Reit im Winkl is a small village on the Austrian border walled in by
modest forests and numerous ski lifts, popular among the
snow-inclined in winter, and that is all I have to say on the matter.
This being a writer’s blog about what the writer
(me) is writing—let me amuse you (me) with a précis in equal parts
boring and factual. The Gilbert Adair festschrift is a selection of
fiction and essays dedicated to the Scots-English-French novelist,
critic, translator, and film aficionado. One of the greatest
all-rounders of the last three decades, Adair died in 2011 without
having earned a place in the hearts and hearths of the masses and the
chattering classes, so this festschrift aims to correct that
error in an entertaining and informative manner. I have been obsessed
with writing about writers for as long as I have been a writer and
the latest strain of this obsession has fed into the novel, The
House of Writers, about which more info in the previous posts,
and the collection, The Writer’s Writer and Other Writers.
Keen-peepered readers will note the word ‘writer’ in both titles
hinting at this obsession.
This brings us to an impasse, since I neither like
talking about the banal details of what happens in my real life
(these details will be reworked and re-imagined in the fictions), nor
about travels and photos of nice scenes (the proliferation of images
on the net has rendered one’s presence at the nice view
unnecessary), nor about what I am working on in ponderous detail
(since the finished work is what matters and one’s thought
processes are not something that should be rendered on the page
unless one is constructing a neat parcel of bullshit about their
creative process).
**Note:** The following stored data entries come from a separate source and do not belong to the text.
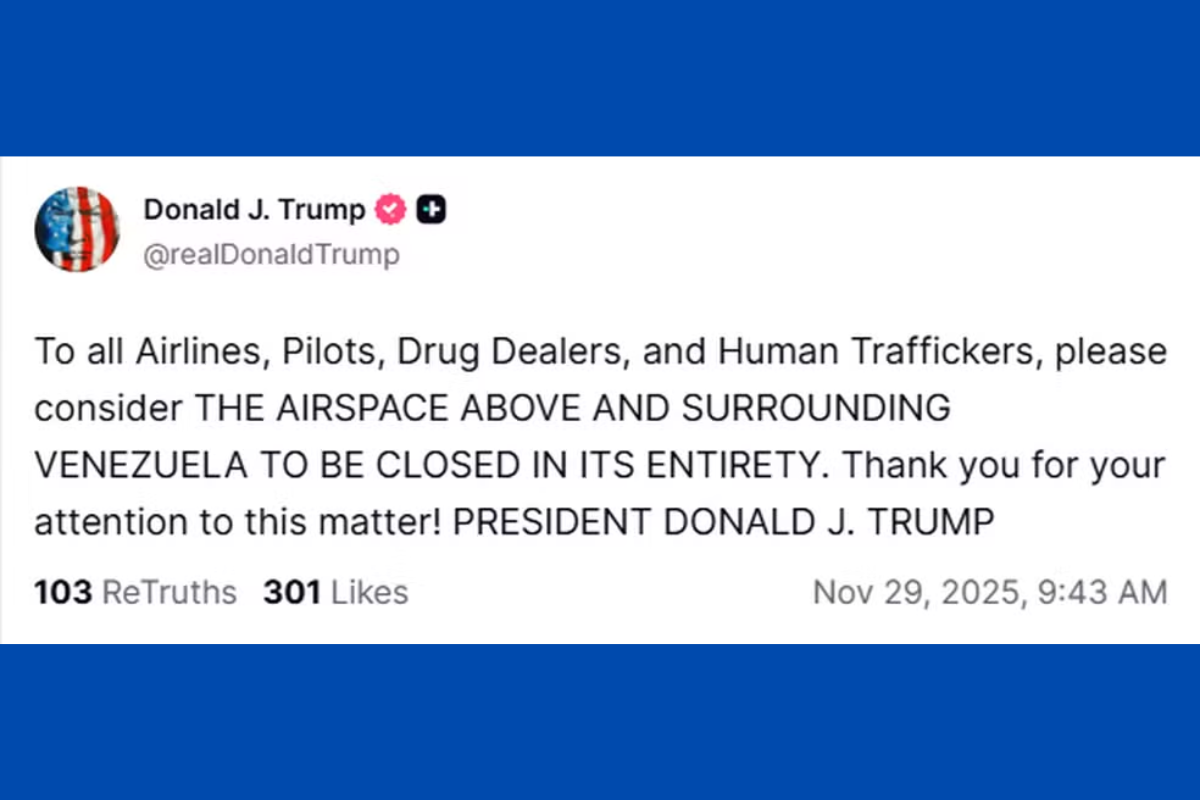 No dia 21 de novembro, Trump já havia alertado que companhias aéreas evitassem sobrevoar o espaço aéreo venezuelano. Diante da recomendação, várias companhias aéreas suspenderam voos que cruzaram o território venezuelano ou que tinham o país como destino.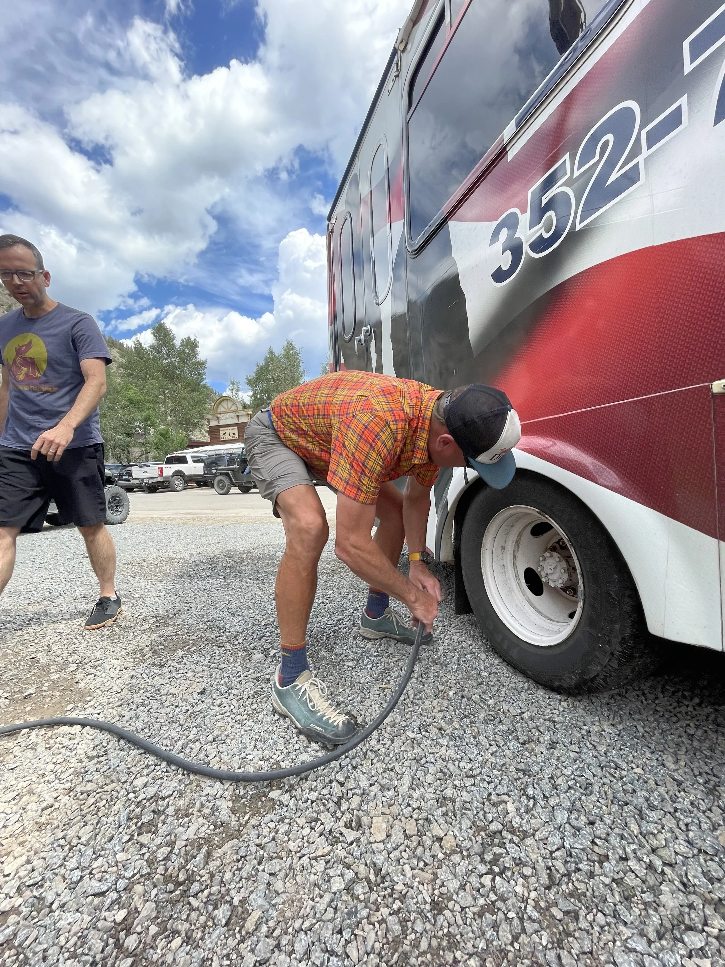 We made it to the cutoff road. And then we waited in a big line of logging trucks.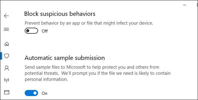 Στην περιοχή Ασφάλεια των Windows> Προστασία από ιούς και απειλές> Διαχείριση ρυθμίσεων, μπορείτε πλέον να ενεργοποιήσετε ένα " Αποκλεισμός ύποπτων συμπεριφορών Επιλογή. Η Microsoft λέει ότι αυτό θα επιτρέψει το Windows Defender Exploit Guard «Τεχνολογία επιφανειακής μείωσης επιθέσεων», η οποία θα βοηθήσει στην προστασία του υπολογιστή σας από εκμεταλλεύσεις.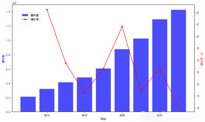 图2:GitHub 年度事件数趋势 (来源:《2023中国开源年度报告》)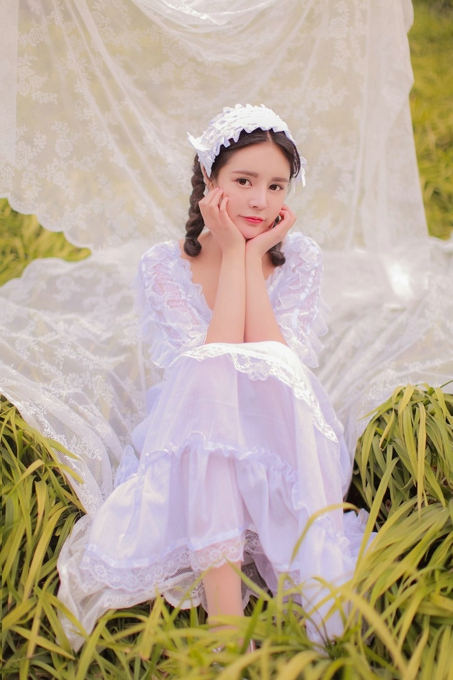 清纯麻花辫美女蕾丝白裙唯美外拍写真-套图吧

So, once again, futility has prevented this blog
update from igniting. I will disclose, however, that the novel is
progressing to a pleasing point, having escaped an earlier
abandonment and attempt to chisel the thing into an ill-fitting
novella. The story collection is nearing completion and only a
last-minute paranoia about repeated forms or half-baked prose will
prevent this thing from limping into the publish-me queue.